Thankfully I’m blessed with a metabolism strong enough to keep me relatively svelte without having to kill myself with exercise. My Italian wife’s excellent cooking definitely keeps me honest in that department, though, and I guess playing the drums regularly works to stem the tide a bit. The net is I don’t have to exercise in order to keep from buying larger clothing every 6 months.
But I’m not getting any younger, and my body occasionally reminds me of this. I’m no dumb-dumb, and I’m at least aware that regular exercise will be good for me as I age. It may not guarantee that I live any longer than I otherwise would, but there’s good evidence to point to regular exercise maintaining my quality of life quite a bit longer, so I’ve been endeavoring to do it more… regularly.
The problem is that standing on a treadmill watching my iPod bores me to death. Inevitable as it is, death’s not really the goal we’re racing towards here, is it?
I have another issue: I’m a homeowner with a house that’s nestled nicely amongst the trees, so there’s a lot of crap to get done in the yard. Constantly. Occasionally we’ll do marathon sessions on the weekends that kill us all, and then we spend the next few weeks feeling guilty about neglecting this, that or the other until we do it again. I guess this would happen even if we had a home with no trees in sight.
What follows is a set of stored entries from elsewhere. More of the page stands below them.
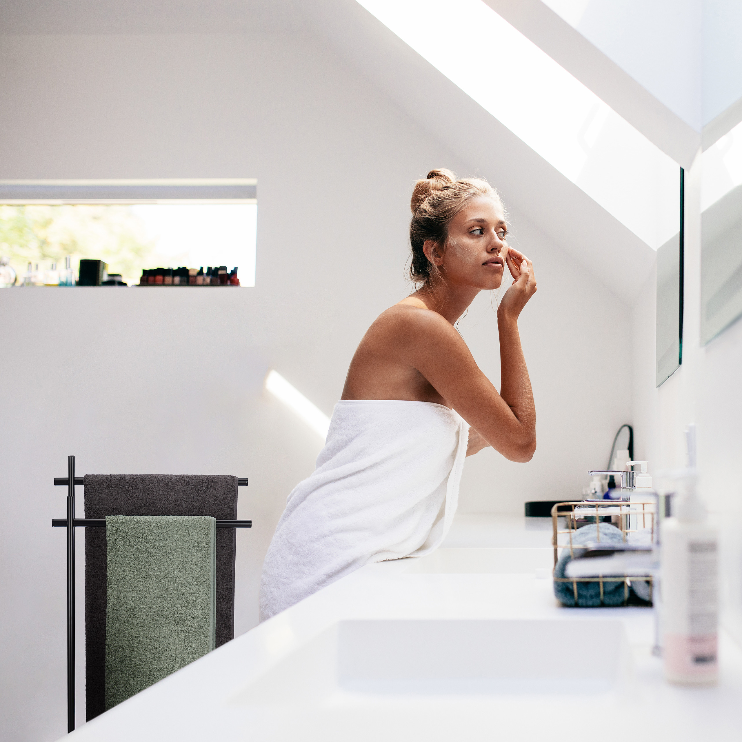 - Vonioje – patogiai laikykite rankšluosčius šalia vonios ar dušo.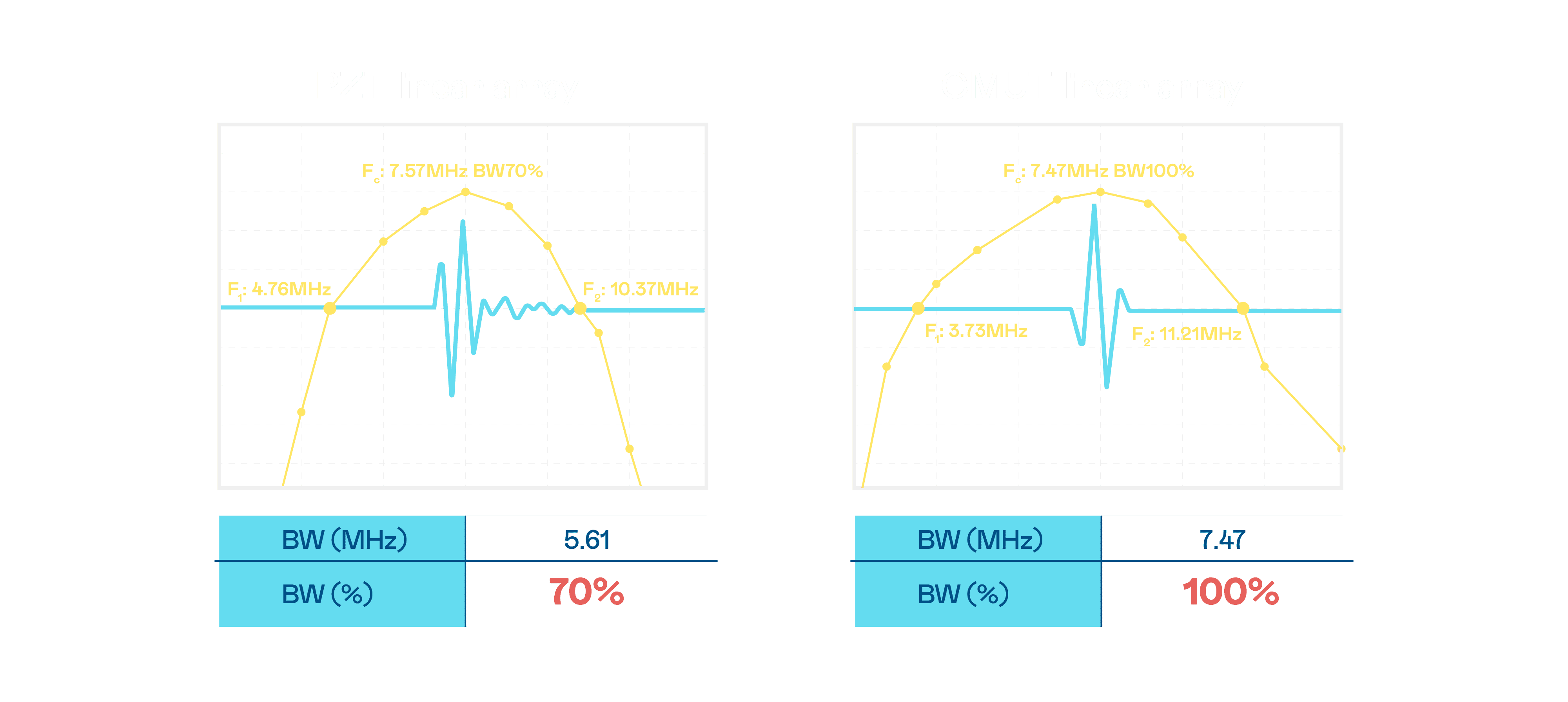 超音波影像的解析度高低,,首先取决于探头能发出的讯号频宽。。菠菜论坛 CMUT 可提供高清晰的超音波讯号,,,,提供高频宽、、、、高灵敏度、、、影像纹理细节更高的超音波影像,,协助医护人员缩短影像判读时间及利用精准的医疗影像进行诊断。。。。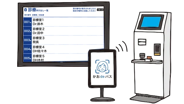 顔認証アプリ「かお de パス」は、患者さんがiPadに顔をかざすだけで受付が完了します。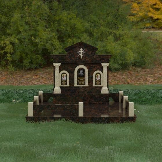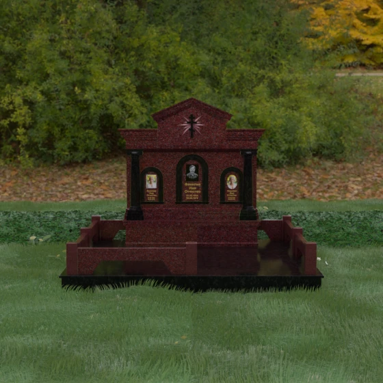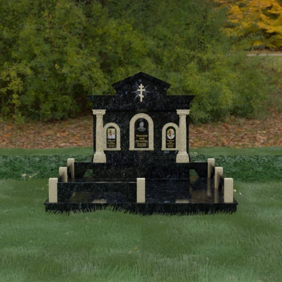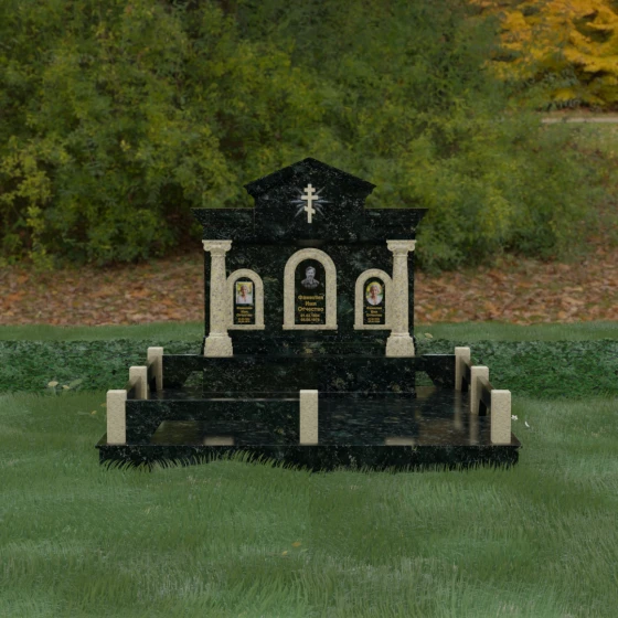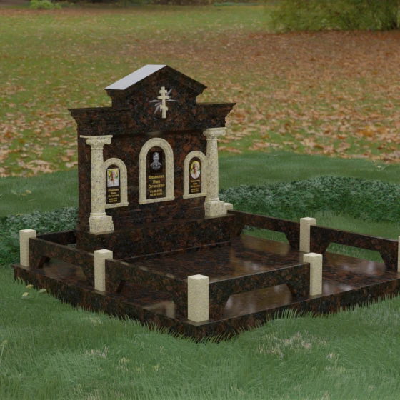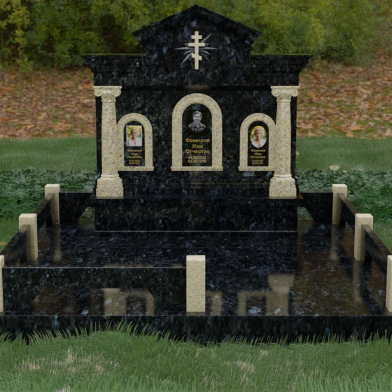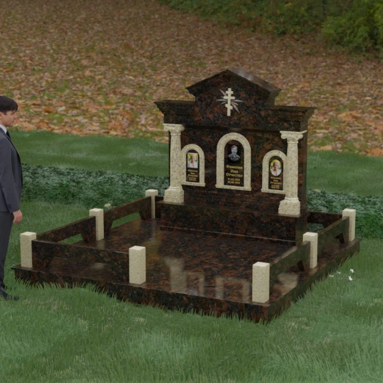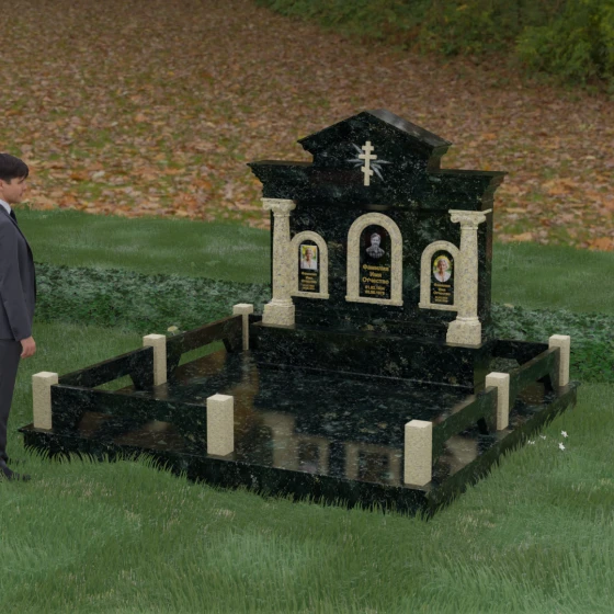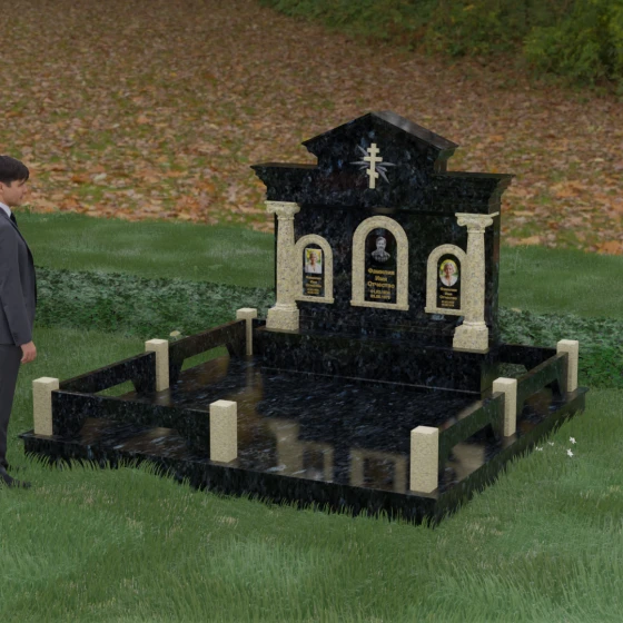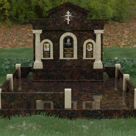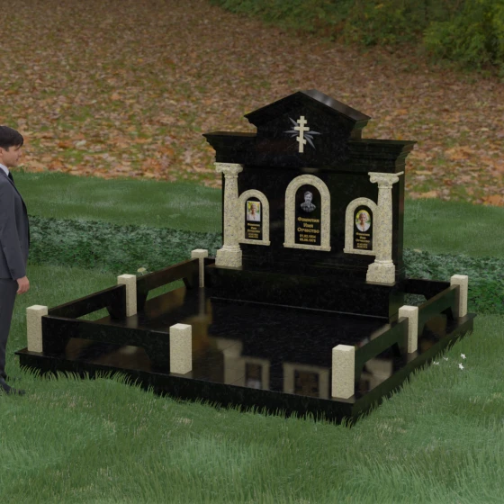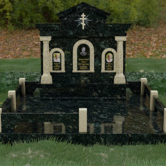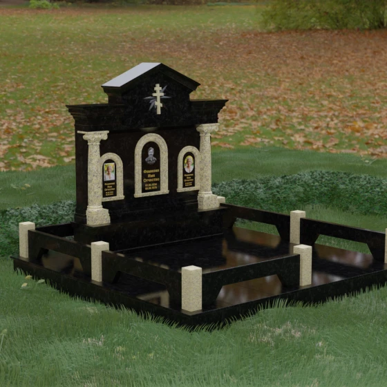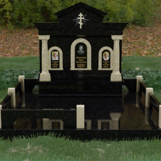 Представленный мемориальный ансамбль (Артикул 217) — это не просто памятник, а величественное архитектурное сооружение, выполненное в лучших традициях классицизма и храмового зодчества. Центральное место в композиции занимает массивная стела, разделенная на три смысловых сегмента, что делает её идеальным выбором для семейного захоронения. В центре возвышается триумфальная арка, обрамляющая главный портрет, а по бокам расположены симметричные ниши меньшего размера. Особую торжественность монументу придают изящные колонны с детализированными капителями, которые визуально поддерживают массивный фронтон. Венчает конструкцию строгий православный крест, выгравированный в верхней части — его лучи, расходящиеся в стороны, создают эффект сияния, искусно подчеркнутый игрой света на безупречно отполированной поверхности темного гранита.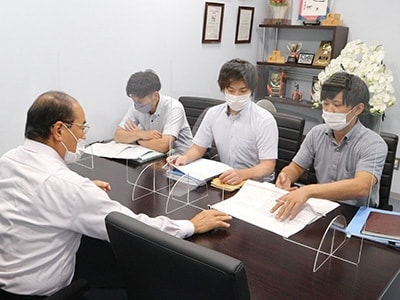 2~3年後技術士の取得を目指す社員のサポートとして、2週間に1回程度数グループに分かれて行っております。
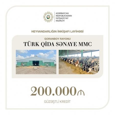 İqtisadiyyat Nazirliyinin Sahibkarlığın İnkişafı Fondu heyvandarlığın inkişafı layihəsi üçün 200 min manat məbləğində güzəştli kredit ayırıb.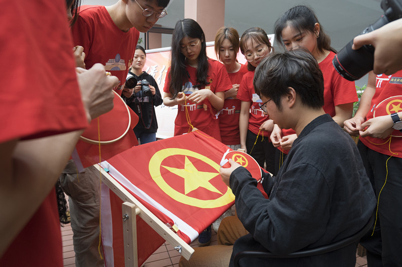 4月25日,受国际经贸学院之邀,2011届毕业生绣郎张雪带着苏绣与一份共青团的“独家记忆”回到了仙林校区德业楼六楼,带来一堂苏绣实践课。在讲解好苏绣的劈线和针法后,张雪带着beat365五十多名在校青年,用传统工匠技艺绣团旗。在张雪老师手把手的指导下,大家的小团旗也都开始有了大致模样。经过两小时的努力,大部分学生都绣出了一面面完整的小团旗,拿着小团旗,大家一起唱起了共青团团歌。活动负责人马冬梅同学说:“我们会继续用张雪老师教我们的方法绣完大团旗,在五四期间,带着这面团旗前往红色革命教育基地,铭记先贤,重温入团宣誓的初心,纪念五四运动100周年。”国际经贸学院党委副书记季霞说:“绣团旗的活动是为了让我院学子们感受到共青团就在我们身边,我们都是共青团的一份子,应该时刻牢记使命,不忘初心,为共青团的建设贡献出自己的一份力量。”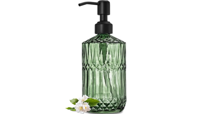 Between the bottle-green color, faceted design and matte black pump, this dispenser has the charm of a vintage find.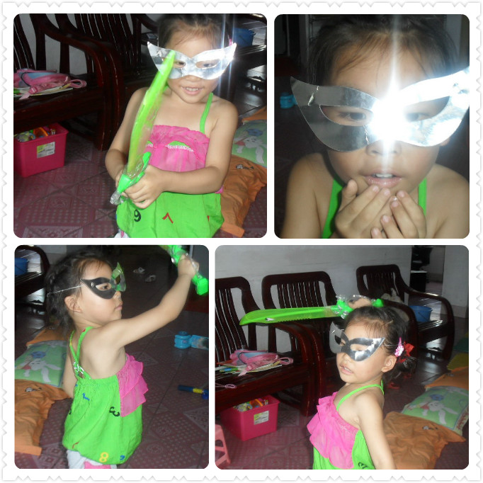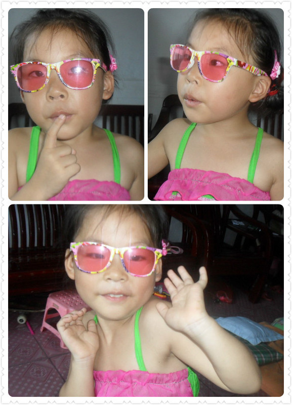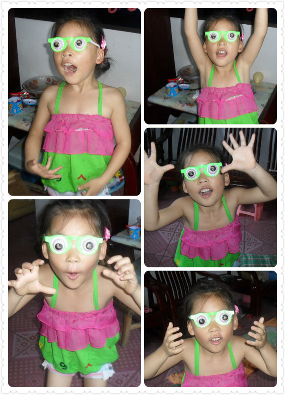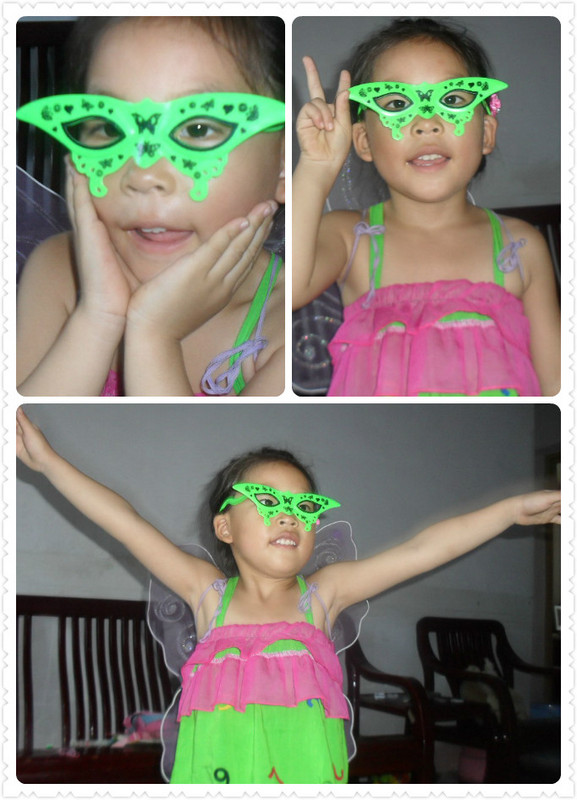 到店里选,她去选到了一幅眼镜,眼球布满血丝往外暴着,怪吓人的,可孩子似乎不理解这些,因为里面有两粒小小的糖呢!现在的商家真是花样多,两粒糖一幅眼镜,吸引孩子的眼球! 就是这一幅了,不吓人吧,我是怪兽,专吃胆小的!笑着的怪兽而已。 还有呢,这个银色的,也是买东西的时候送的,一个小小的玩具才5毛钱,里面还送一个,不知商家赚的是什么。带上这个,熠可英雄了,英雄得配宝剑,这个咱家也有,正好来几个POSE吧!看剑吧,比比谁厉害,周围的人让开点,我的剑可没长眼睛了,碰着了伤着了,可不是我的错了! 做完了英雄,我又变成了魔仙,巴啦啦变,变成蝴蝶仙子!这个是买的不是送的,再配上我的翅膀,真是绝搭了!我FLY,FLY,THE,BUTTERFLY,IN THE MEADOW,IS FLYING HIGH,IN THE GARDEN,IS FLYING LOW。 看过电影明星吗,那些一般时带着什么的啊!我也来SHOW大咖模样了,再来几个POSE,让你头晕了是不是?我是不是也很有范呢!嘘,不要喧哗,不就是大咖吗? 来,再来一张伟人的挥手之间,像吗?不准笑啊!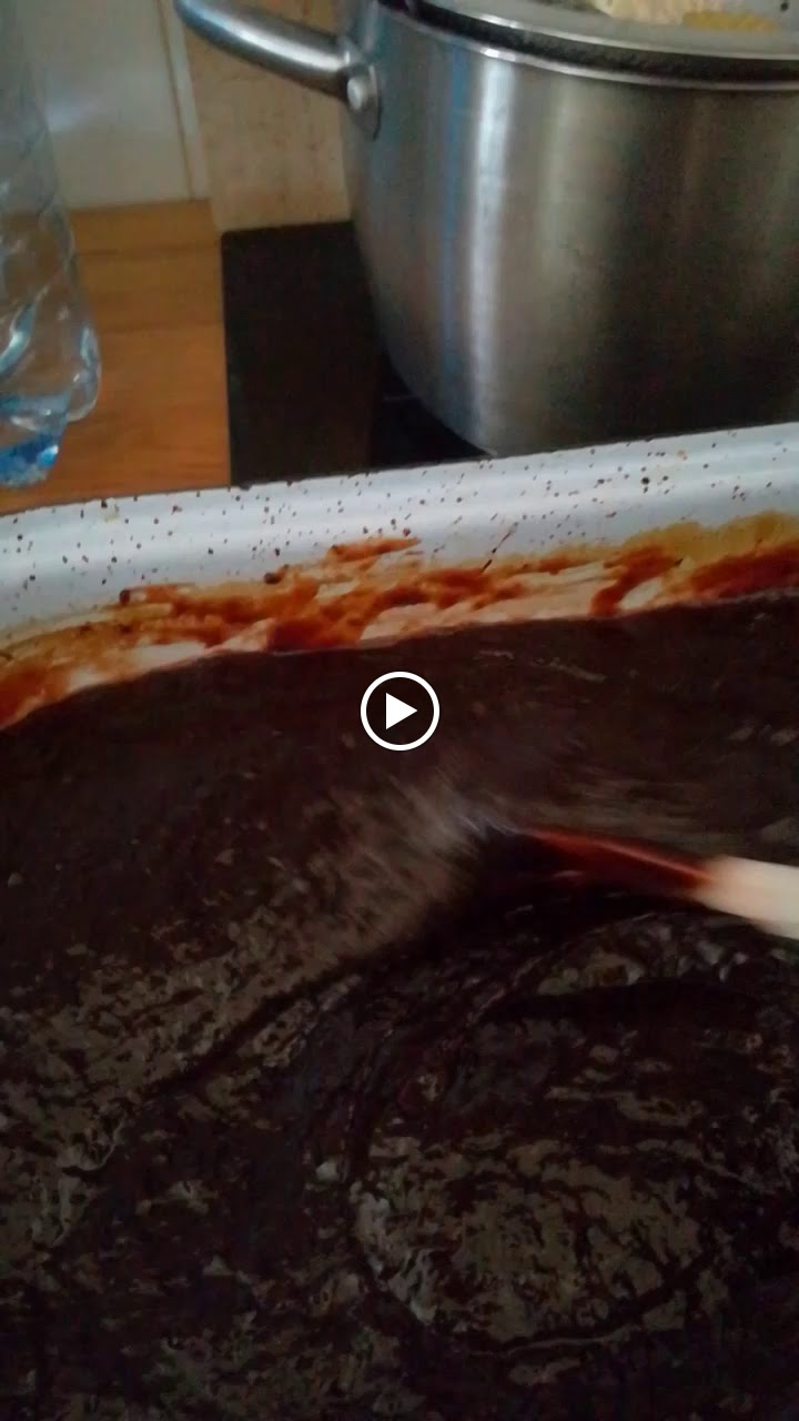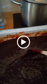 Troubu předehřejeme na 150°C a horkou směs opatrně přelijeme do velkého hlubokého pekáče

Homeownership is a laborious joy for all of us, isn’t it?
Thankfully, I stumbled onto a solution. I’ve recently traded in my not-quite-as-regular-as-I’d-like morning exercise routine (i.e. twice annually!) for a much more productive, kill-two-birds-with-one-stone concept of just working in the yard for 30-45 minutes a few mornings a week. It’s amazing, really, how much different yardwork feels when I’m doing it to kill time as opposed to doing it to actually accomplish something. The results are the same, but I don’t have that feeling of “oh crap I’ll never finish all of this,” because the reality is, I’m not doing it with the intention of finishing anything at all during any particular session. There’s more to do than I’ll *ever* complete, and the work regenerates, so really I think I’ve found the perfect solution. After 30-45 minutes, my heart rate’s up, I feel like I’ve used my body for more than just sitting in a chair, and I’ve actually accomplished *something* tangible around the house/yard.
We’ll see how it lasts but… so far, so good.